Calorie restriction [CR; ~65% of ad libitum (AL) intake] improves insulin-stimulated glucose uptake (GU) and Akt phosphorylation in skeletal muscle. We aimed to elucidate the effects of CR on 1) processes that regulate Akt phosphorylation [insulin receptor (IR) tyrosine phosphorylation, IR substrate 1-phosphatidylinositol 3-kinase (IRS-PI3K) activity, and Akt binding to regulatory proteins (heat shock protein 90, Appl1, protein phosphatase 2A)]; 2) Akt substrate of 160-kDa (AS160) phosphorylation on key phosphorylation sites; and 3) atypical PKC (aPKC) activity. Isolated epitrochlearis (fast-twitch) and soleus (slow-twitch) muscles from AL or CR (6 mo duration) 9-mo-old male F344BN rats were incubated with 0, 1.2, or 30 nM insulin and 2-deoxy-[(3)H]glucose. Some CR effects were independent of insulin dose or muscle type: CR caused activation of Akt (Thr(308) and Ser(473)) and GU in both muscles at both insulin doses without CR effects on IRS1-PI3K, Akt-PP2A, or Akt-Appl1. Several muscle- and insulin dose-specific CR effects were revealed. Akt-HSP90 binding was increased in the epitrochlearis; AS160 phosphorylation (Ser(588) and Thr(642)) was greater for CR epitrochlearis at 1.2 nM insulin; and IR phosphorylation and aPKC activity were greater for CR in both muscles with 30 nM insulin. On the basis of these data, our working hypothesis for improved insulin-stimulated GU with CR is as follows: 1) elevated Akt phosphorylation is fundamental, regardless of muscle or insulin dose; 2) altered Akt binding to regulatory proteins (HSP90 and unidentified Akt partners) is involved in the effects of CR on Akt phosphorylation; 3) Akt effects on GU depend on muscle- and insulin dose-specific elevation in phosphorylation of Akt substrates, including, but not limited to, AS160; and 4) greater IR phosphorylation and aPKC activity may contribute at higher insulin doses.

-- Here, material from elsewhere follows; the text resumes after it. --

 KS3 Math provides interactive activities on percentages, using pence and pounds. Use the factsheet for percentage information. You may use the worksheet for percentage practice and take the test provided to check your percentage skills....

Insulin resistance for glucose uptake and Akt2 phosphorylation in the soleus, but not epitrochlearis, muscles of old vs. adult rats.

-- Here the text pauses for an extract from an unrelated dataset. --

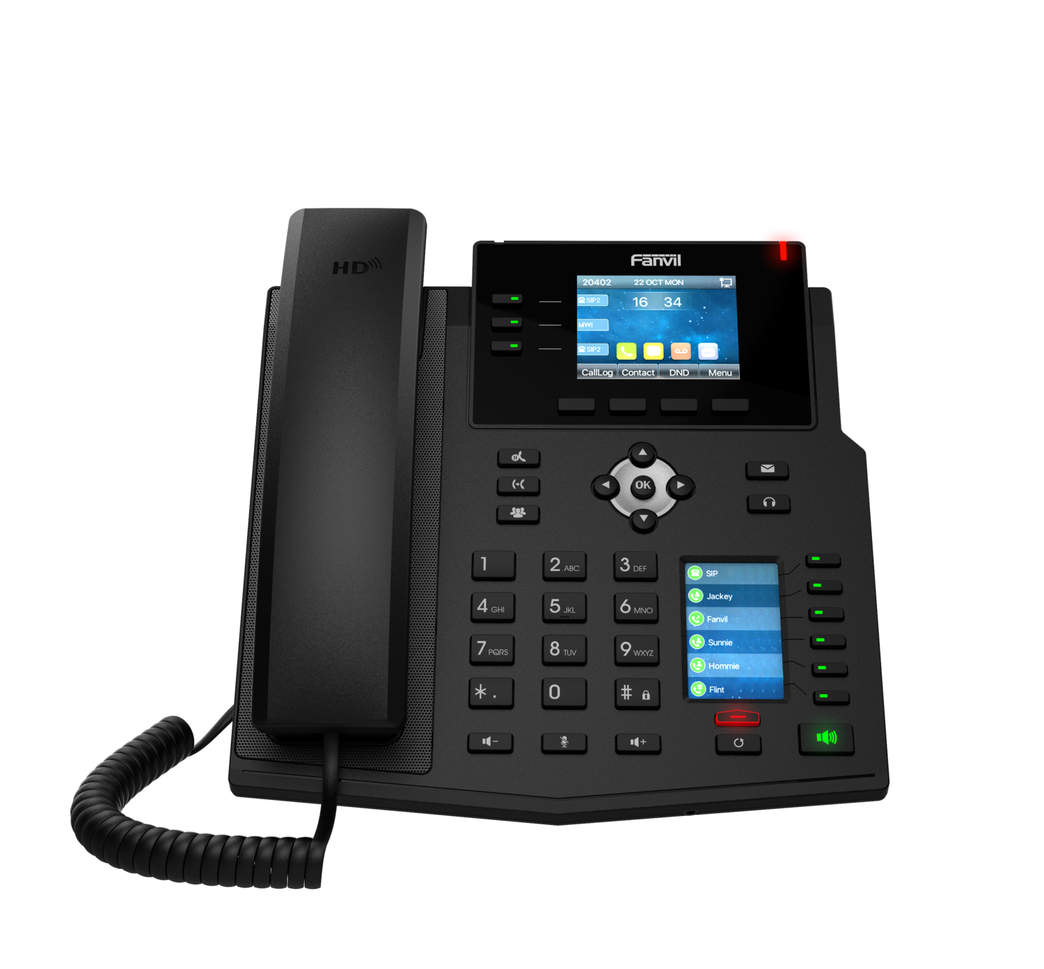 Telefono IP de 12 Lineas sip, con Doble pantalla color (1 dispaly color de 2,8? + Pantalla 2,4? para teclado DSS) , HD Voz, POE, LDAP, XML,VLAN, 2 puertos de Red Gigabit 10/100/100 Mbps, 3 Teclas en el display + 6 Teclas BLF X 5 äg. 30 botones Dss ,directorio,salida RJ9 head set, Bluethoot Con Dongle o WiFi Con Dongle ,Soporte de Pared (Opcional), Sin Fuente

The slow-twitch soleus, but not fast-twitch muscle, of old vs. adult rats has previously been demonstrated to become insulin resistant for in vivo glucose uptake. We probed cellular mechanisms for the age effect by assessing whether insulin resistance for glucose uptake was an intrinsic characteristic of the muscle ex vivo and by analyzing key insulin signaling steps. We hypothesized that isolated soleus and epitrochlearis (fast-twitch) muscles from old (25 mo) vs. adult (9 mo) male Fisher-344 x Brown Norway rats would have insulin resistance for Akt2 Thr308 phosphorylation (pAkt2Thr308), AS160 phosphorylation Thr642 (pAS160Thr642), and atypical PKC (aPKCzeta/lambda) activity corresponding in magnitude to the extent of insulin resistance for [3H]-2-deoxyglucose (2-DG) uptake. Epitrochlearis insulin-stimulated 2-DG uptake above basal values was unaltered by age, and epitrochlearis pAkt2Thr308, pAS160Thr642, and aPKCzeta/lambda activity were not significantly different in adult vs. old rats. Conversely, insulin-stimulated 2-DG uptake by the soleus of old vs. adult rats was reduced with 1.2 nM (42%) and 30 nM (28%) insulin concomitant with an age-related decline in pAkt2Thr308 of the insulin-stimulated soleus. There were no age effects on pAS160Thr642 or aPKCzeta/lambda activity or abundance of Akt2, AS160, GLUT4 or Appl1 protein in either muscle. The results suggest the possibility that an age-related decline in pAkt2Thr308, acting by a mechanism other than reduced pAS160Thr642, may play a role in the insulin resistance in the soleus of old rats. Skeletal muscle insulin resistance in old age is distinctive compared with other insulin-resistant rodent models that are not selective for greater insulin resistance in the soleus vs. the epitrochlearis.